## Task
Return the data below unchanged. Drop any pictures.

## Input data

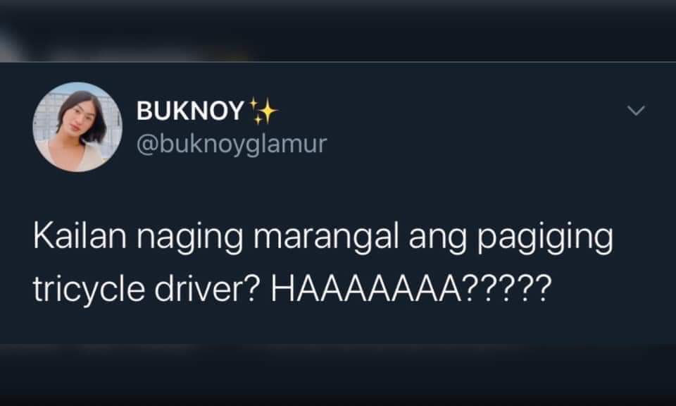 Dear #BuknoyGlamur , Erpat kong Tricycle driver nga pala. 300 lang kita nyan kada araw. Nangingitim at amoy usok pag umuuwi yan. Kung anong baba ng tingin mo, Siyang taas naman ng pangarap ko para sa Taong yan at dahil sa “Tricycle” na yan, Napatapos ako sa pagaaral at Naaabot ko na lahat ng pinangarap ko noon!
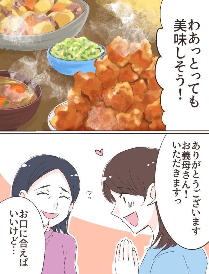 気を取り直して、夕食の時間。この日は、義母が私たちに気を遣って料理をご馳走してくれました。目の前に並ぶ美味しそうな料理の数々に、思わずテンションが上がります。私は胸の前で手を合わせると「ありがとうございます、お義母さん!いただきます」と大喜びで箸を取りました。
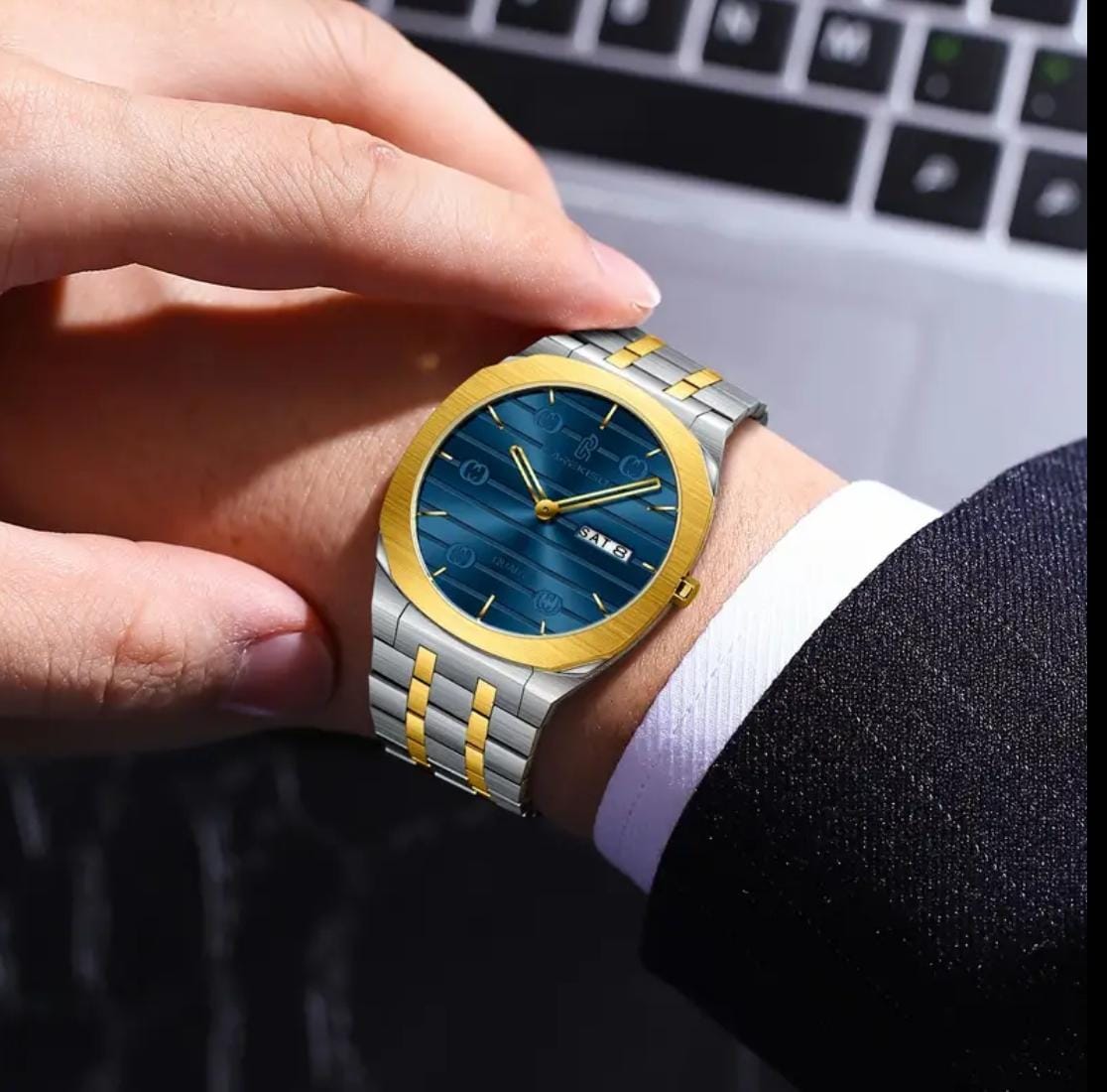 The Gucci Double-Date Coin Watch makes a bold statement with its iconic coin-edged design and dual-date functionality. Perfectly balancing elegance and everyday practicality, it brings designer prestige right to your wrist.

## Output
 Dear #BuknoyGlamur , Erpat kong Tricycle driver nga pala. 300 lang kita nyan kada araw. Nangingitim at amoy usok pag umuuwi yan. Kung anong baba ng tingin mo, Siyang taas naman ng pangarap ko para sa Taong yan at dahil sa “Tricycle” na yan, Napatapos ako sa pagaaral at Naaabot ko na lahat ng pinangarap ko noon!
 気を取り直して、夕食の時間。この日は、義母が私たちに気を遣って料理をご馳走してくれました。目の前に並ぶ美味しそうな料理の数々に、思わずテンションが上がります。私は胸の前で手を合わせると「ありがとうございます、お義母さん!いただきます」と大喜びで箸を取りました。
 The Gucci Double-Date Coin Watch makes a bold statement with its iconic coin-edged design and dual-date functionality. Perfectly balancing elegance and everyday practicality, it brings designer prestige right to your wrist.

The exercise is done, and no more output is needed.